> [ACTION ITEM]
Given the entries that follow, write out exactly the lines starting at the one containing "소화기내과 김연우 과장" and ending at the one containing "从商品市场资金流向来看,8月", both ends included, and only those.
*** DATA FOR REVIEW ***
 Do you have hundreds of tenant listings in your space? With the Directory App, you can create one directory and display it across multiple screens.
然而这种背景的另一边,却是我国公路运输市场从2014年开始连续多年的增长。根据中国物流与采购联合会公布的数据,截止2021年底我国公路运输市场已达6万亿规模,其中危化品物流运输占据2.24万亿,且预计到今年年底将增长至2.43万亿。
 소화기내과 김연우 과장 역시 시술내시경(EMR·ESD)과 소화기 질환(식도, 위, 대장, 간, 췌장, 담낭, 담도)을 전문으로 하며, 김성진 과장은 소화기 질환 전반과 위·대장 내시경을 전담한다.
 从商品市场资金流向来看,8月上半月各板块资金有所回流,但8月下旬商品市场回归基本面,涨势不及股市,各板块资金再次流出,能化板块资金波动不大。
*** End of DATA FOR REVIEW ***
*** DATA FOR REVIEW ***
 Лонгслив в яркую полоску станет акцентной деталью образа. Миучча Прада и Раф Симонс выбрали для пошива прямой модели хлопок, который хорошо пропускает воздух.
*** End of DATA FOR REVIEW ***
> [RESPONSE AREA]
 소화기내과 김연우 과장 역시 시술내시경(EMR·ESD)과 소화기 질환(식도, 위, 대장, 간, 췌장, 담낭, 담도)을 전문으로 하며, 김성진 과장은 소화기 질환 전반과 위·대장 내시경을 전담한다.
 从商品市场资金流向来看,8月上半月各板块资金有所回流,但8月下旬商品市场回归基本面,涨势不及股市,各板块资金再次流出,能化板块资金波动不大。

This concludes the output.